▸ REQUIRED ACTION: Nothing but the lines from the one showing "高奢酒店式主卧套房中,预留L" through the final line of the data below belongs in the answer, duplicated exactly and without pictures.

▸ MATERIAL PROVIDED:
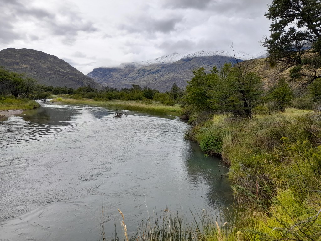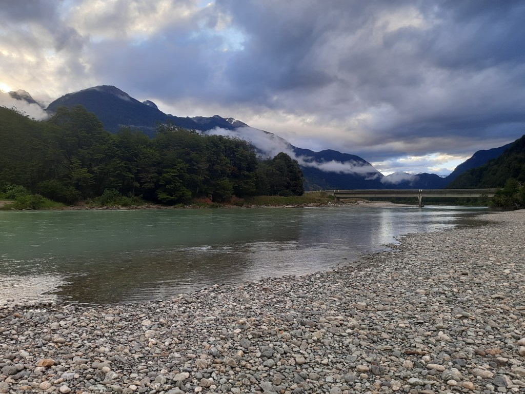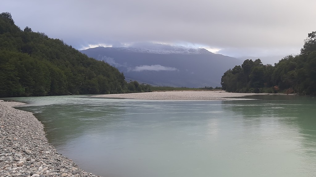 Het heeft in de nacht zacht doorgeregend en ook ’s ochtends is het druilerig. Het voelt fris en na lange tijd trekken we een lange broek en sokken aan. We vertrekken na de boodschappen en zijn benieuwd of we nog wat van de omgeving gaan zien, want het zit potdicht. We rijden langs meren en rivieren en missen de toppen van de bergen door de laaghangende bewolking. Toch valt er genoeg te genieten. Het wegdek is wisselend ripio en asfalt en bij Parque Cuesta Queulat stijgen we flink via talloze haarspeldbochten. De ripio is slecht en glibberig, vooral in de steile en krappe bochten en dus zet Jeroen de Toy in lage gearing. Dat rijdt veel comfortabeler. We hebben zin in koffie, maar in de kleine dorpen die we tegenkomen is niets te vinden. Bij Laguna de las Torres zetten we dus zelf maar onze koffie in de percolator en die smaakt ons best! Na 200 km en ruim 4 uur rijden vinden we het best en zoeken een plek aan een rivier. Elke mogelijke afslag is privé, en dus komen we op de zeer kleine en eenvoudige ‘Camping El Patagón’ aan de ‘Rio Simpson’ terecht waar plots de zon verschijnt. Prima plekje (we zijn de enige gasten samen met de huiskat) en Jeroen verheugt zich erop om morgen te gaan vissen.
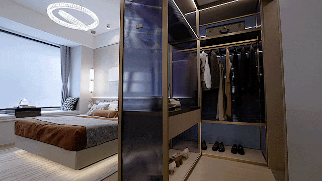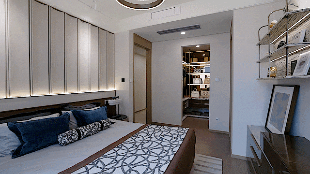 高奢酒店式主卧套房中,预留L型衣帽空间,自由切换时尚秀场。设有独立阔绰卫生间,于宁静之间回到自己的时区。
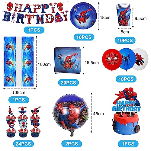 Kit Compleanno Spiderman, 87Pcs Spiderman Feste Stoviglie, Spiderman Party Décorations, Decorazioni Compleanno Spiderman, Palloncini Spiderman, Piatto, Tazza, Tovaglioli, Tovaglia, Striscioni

▸ RESULT OF THIS EXERCISE:
 高奢酒店式主卧套房中,预留L型衣帽空间,自由切换时尚秀场。设有独立阔绰卫生间,于宁静之间回到自己的时区。
 Kit Compleanno Spiderman, 87Pcs Spiderman Feste Stoviglie, Spiderman Party Décorations, Decorazioni Compleanno Spiderman, Palloncini Spiderman, Piatto, Tazza, Tovaglioli, Tovaglia, Striscioni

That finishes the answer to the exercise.